## TASK INSTRUCTIONS
For any picture in the lines below, please leave it out and copy the rest exactly.

## DATA EXTRACT
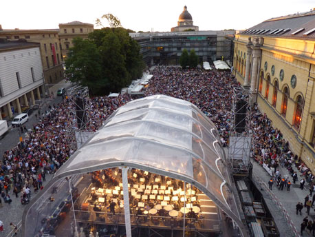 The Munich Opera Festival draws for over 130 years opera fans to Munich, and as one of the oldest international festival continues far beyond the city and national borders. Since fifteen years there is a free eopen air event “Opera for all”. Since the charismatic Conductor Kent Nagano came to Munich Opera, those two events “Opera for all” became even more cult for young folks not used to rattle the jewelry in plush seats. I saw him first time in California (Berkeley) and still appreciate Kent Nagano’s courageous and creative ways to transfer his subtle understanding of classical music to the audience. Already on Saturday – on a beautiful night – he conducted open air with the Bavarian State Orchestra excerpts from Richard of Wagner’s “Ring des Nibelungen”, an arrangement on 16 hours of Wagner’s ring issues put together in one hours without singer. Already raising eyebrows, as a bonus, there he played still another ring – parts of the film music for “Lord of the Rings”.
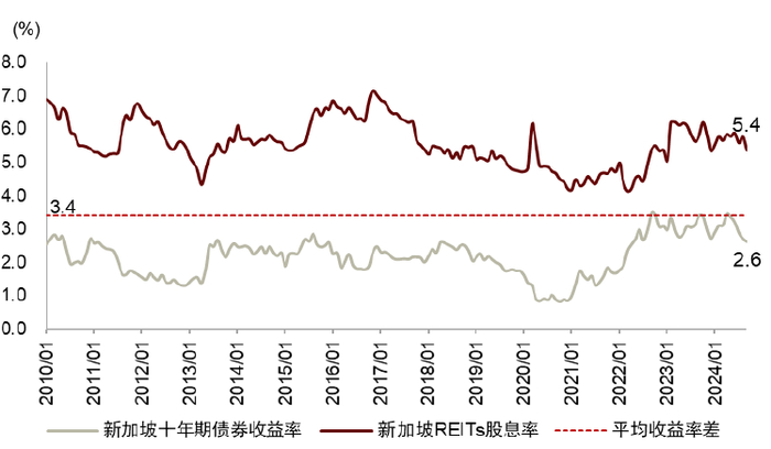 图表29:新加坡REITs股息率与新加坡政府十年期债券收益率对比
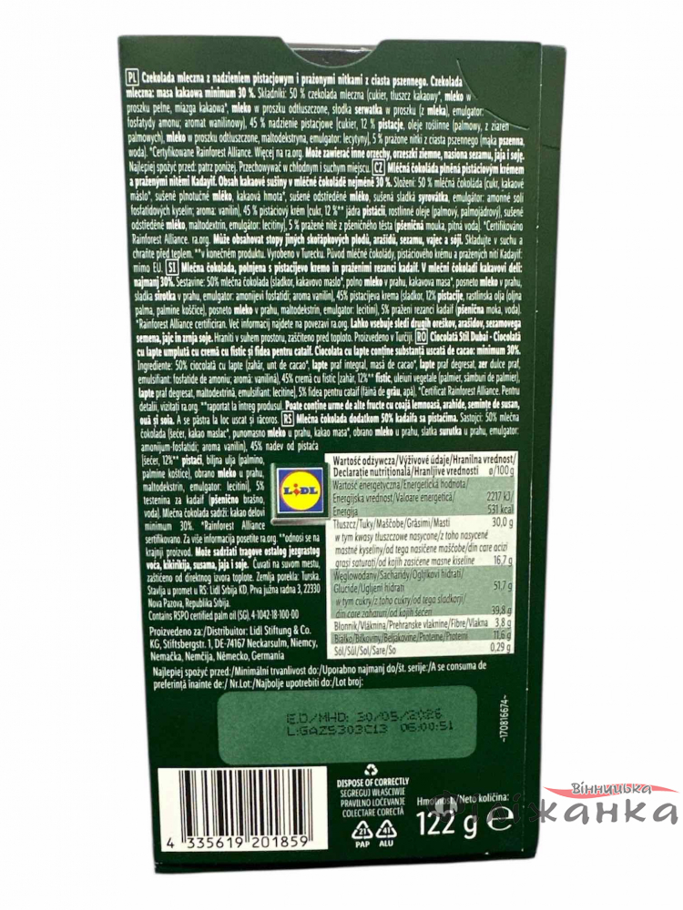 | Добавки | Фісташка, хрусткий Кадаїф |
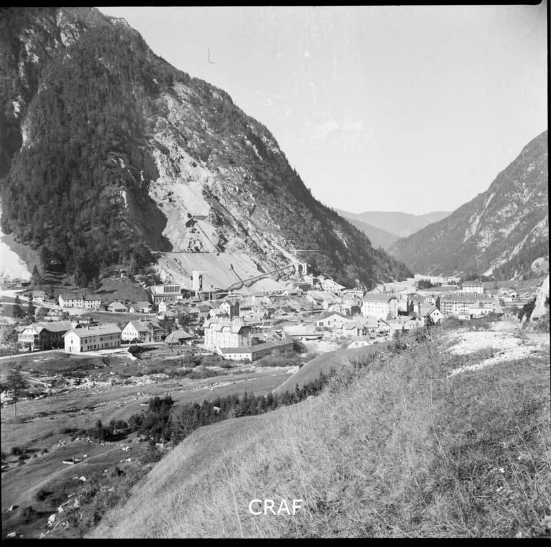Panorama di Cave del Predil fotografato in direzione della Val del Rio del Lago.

## COMPLETED EXERCISE
 The Munich Opera Festival draws for over 130 years opera fans to Munich, and as one of the oldest international festival continues far beyond the city and national borders. Since fifteen years there is a free eopen air event “Opera for all”. Since the charismatic Conductor Kent Nagano came to Munich Opera, those two events “Opera for all” became even more cult for young folks not used to rattle the jewelry in plush seats. I saw him first time in California (Berkeley) and still appreciate Kent Nagano’s courageous and creative ways to transfer his subtle understanding of classical music to the audience. Already on Saturday – on a beautiful night – he conducted open air with the Bavarian State Orchestra excerpts from Richard of Wagner’s “Ring des Nibelungen”, an arrangement on 16 hours of Wagner’s ring issues put together in one hours without singer. Already raising eyebrows, as a bonus, there he played still another ring – parts of the film music for “Lord of the Rings”.
 图表29:新加坡REITs股息率与新加坡政府十年期债券收益率对比
 | Добавки | Фісташка, хрусткий Кадаїф |
Panorama di Cave del Predil fotografato in direzione della Val del Rio del Lago.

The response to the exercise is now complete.